This paper investigates the decidability of equivalence for E-pattern languages under length constraints. It addresses three core problems: (1) equivalence of erasing patterns, (2) terminal-free inclusion, and (3) non-erasing equivalence under combined regular and length constraints. Using constructions of systems of linear Diophantine inequalities, Turing machine reductions, and formal language-theoretic analysis, the authors establish—for the first time—that length constraints alone render classical erasing pattern equivalence undecidable. All three problems are rigorously proven undecidable. This resolves a long-standing open problem in the field concerning negative decidability boundaries. The work provides a unified characterization of the critical threshold at which constraint strength triggers undecidability, thereby establishing foundational limits on the logical expressiveness and computational tractability of pattern languages.

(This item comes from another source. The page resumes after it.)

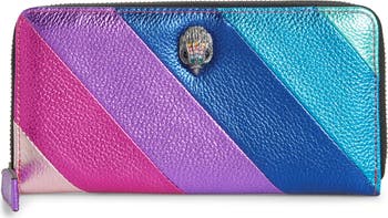 Colorful stripes of metallic leather dazzle a roomy, accordion wallet perfect for keeping cards, cash and other financial essentials stylishly organized.
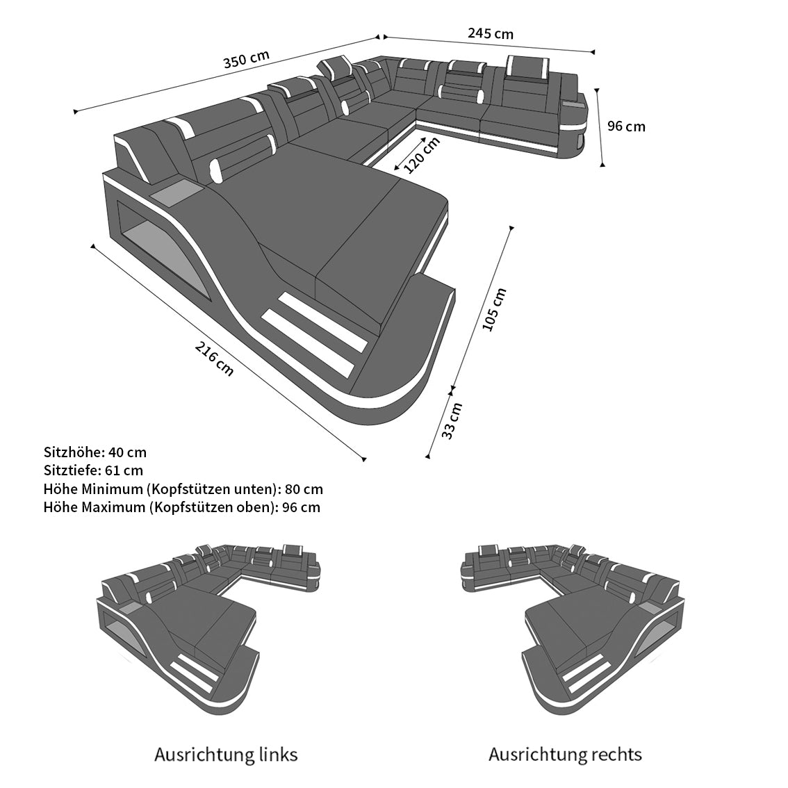 All measurements are approximate! Sofa in XL Version

Patterns are words with terminals and variables. The language of a pattern is the set of words obtained by uniformly substituting all variables with words that contain only terminals. Length constraints restrict valid substitutions of variables by associating the variables of a pattern with a system (or disjunction of systems) of linear diophantine inequalities. Pattern languages with length constraints contain only words in which all variables are substituted to words with lengths that fulfill such a given set of length constraints. We consider membership, inclusion, and equivalence problems for erasing and non-erasing pattern languages with length constraints. Our main result shows that the erasing equivalence problem - one of the most prominent open problems in the realm of patterns - becomes undecidable if length constraints are allowed in addition to variable equality. Additionally, it is shown that the terminal-free inclusion problem, a prominent problem which has been shown to be undecidable in the binary case for patterns without any constraints, is also generally undecidable for all larger alphabets in this setting. Finally, we also show that considering regular constraints, i.e., associating variables also with regular languages as additional restrictions together with length constraints for valid substitutions, results in undecidability of the non-erasing equivalence problem. This sets a first upper bound on constraints to obtain undecidability in this case, as this problem is trivially decidable in the case of no constraints and as it has unknown decidability if only regular- or only length-constraints are considered.